Arab stock markets hit by losses

Stock markets in the Gulf region and Egypt suffered major losses on Tuesday, triggering angry protests in Kuwait and prompting some analysts to forecast a crash after a solid five-year upward run.

Gulf stock markets had an unbroken five-year upward run
Gulf stock markets had an unbroken five-year upward run

The market in Opec kingpin Saudi Arabia, the largest in the Arab world, dropped sharply for the fourth consecutive day, reflecting what analysts said was a sharp correction across the region.

The value of Gulf bourses dropped on Tuesday to just under one trillion dollars, down some $150 billion from their 2005 value and more than $250 billion below the peak.

The Saudi Tadawul All-Shares Index (TASI) shed 4.75% to  close below the 15,000-point psychological barrier for the first time this year at 14,900.40 points.

The TASI has so far lost 10.84% since the start of the year and a whooping 27.8% from its all-time high of 20,634.86 points reached on 25 February. It has shed 16.9% during the past four days.

“I think we are now at a serious turning point … . It is certainly the beginning of a crash though the market is expected to resist at 12,200 points,” said Ali Dakkak, professor of economics at Jedda-based King Abdulaziz University.

Swift actions

“We need swift actions and decisions to restore confidence to investors,” a majority of whom are speculators who have been lured into the market by sharp price increases and handsome profits, Dakkak told AFP.

But Kuwaiti financial analyst Ali al-Nimesh characterised the fall as a “long-term correction” rather than a crash.

Saudi investors’ attempts to exitmay have caused the slide

Saudi investors’ attempts to exit
may have caused the slide

“It’s still early to call it a crash. The indices are expected to rebound slightly sometime soon, but this appears to be a long-term correction cycle. It may continue for two years,” Nimesh told AFP.

He said he expected the Saudi market to lose between 50% and 60% of its peak before rebounding.

In Kuwait, investors staged a protest outside parliament, urging MPs to intervene after the market registered its biggest single-day loss and closed at a six-month low.

“We want a complete probe into what has happened in the market since last Wednesday,” when the index began to slide, demanded one investor. “Is our government weaker than those pirates?”

The Kuwait Stock Exchange Index finished down 3.7% or 382.90 points at 10,057.50 points, its lowest close since 14 September. It is now 12.1% below its 2005 close and down 16.6% from its all-time high of 12,054.70 set on 7 February.

Cash injection

The Kuwait Investment Authority, the state investment arm,  promised to inject cash into the market on Wednesday after a protest by hundreds of small investors after the index dropped 257.8  points.

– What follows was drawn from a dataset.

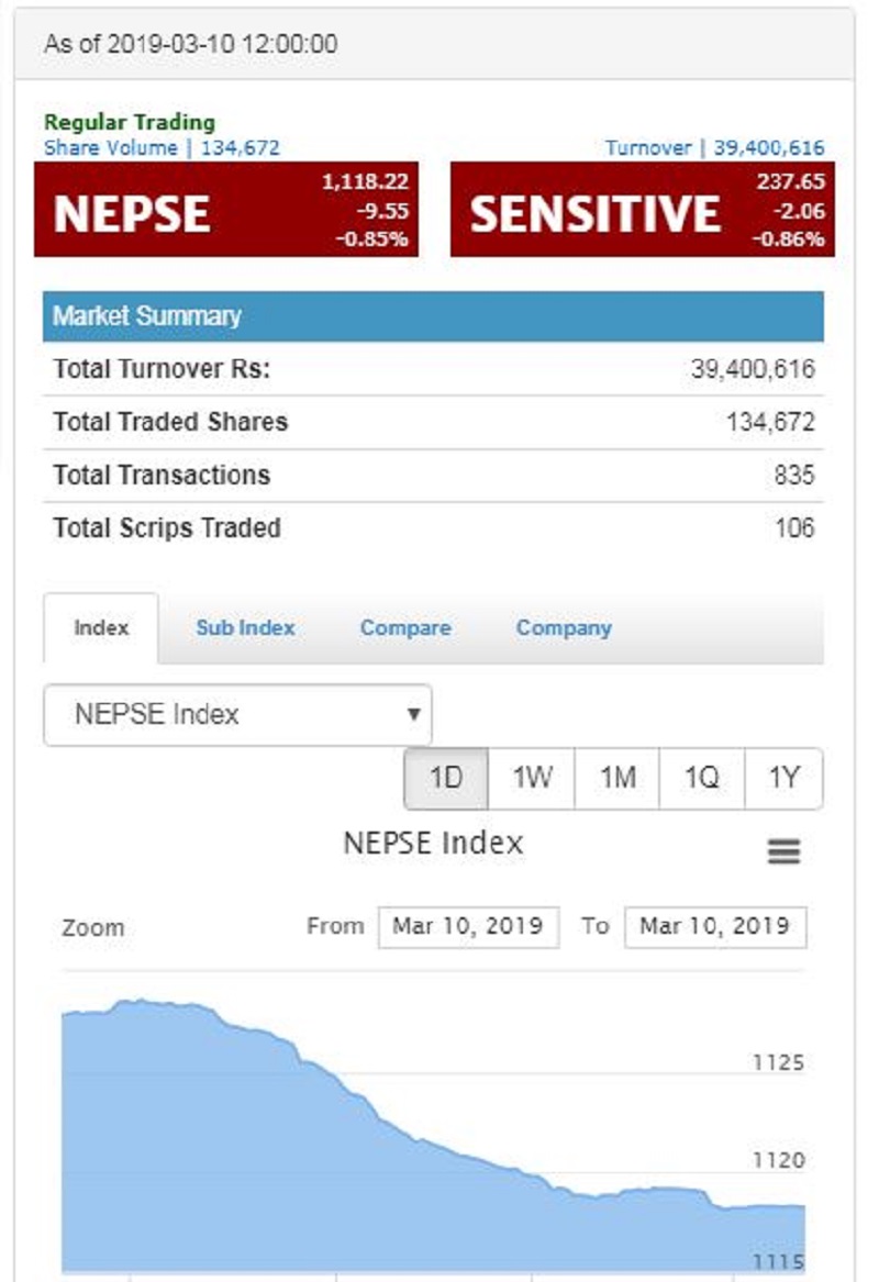 एक घन्टामै सेयर बजारमा झण्डै १० अंकको गिरावट

Stock markets also plunged in the United Arab Emirates, Bahrain and Qatar.

In Egypt, the Cairo stock market trimmed its losses to 6.62% after trading was stopped in early afternoon when the main index lost 11.3% in early afternoon trade, its biggest single-day drop in five years.

The index was at 5589 points compared with the close on Monday of 6296.

A sharp rise in oil prices providedabundant liquidity for investors

A sharp rise in oil prices provided
abundant liquidity for investors

Analysts said a correction in the market was inevitable given the 148% gain in 2005 and the speculative bubble it fuelled.

“A correction was not only necessary but inevitable,” said Ahmed Hefnawi, analyst with investment bank EFG-Hermes.

“There were people in Egypt that quit their jobs to play the stock market, today they will pay the price.”

Dakkak attributed the regional loss to action by Saudi dealers, who invest heavily in all Gulf stock markets, and have recently pulled out to cover losses back home.

“It is a chain reaction. Saudi investors have withdrawn much of their money from stock markets in the Middle East, including Egypt and Jordan, causing them to decline.”

Abundant liquidity

Gulf markets have increased six to seven fold since 2001 because of abundant liquidity generated from a sharp rise in oil revenues.

The upward trend and lucrative profits lured millions of small investors including women.

“Almost 60% of Saudi investors are small dealers. They depend mainly on speculation and whenever a decline happens they try to exit, causing the market to slide,” Saudi economist Abdulaziz al-Daghestani said.

“Recently it became like gambling and not investment in most  Gulf markets. That’s why we are seeing the fast fall.”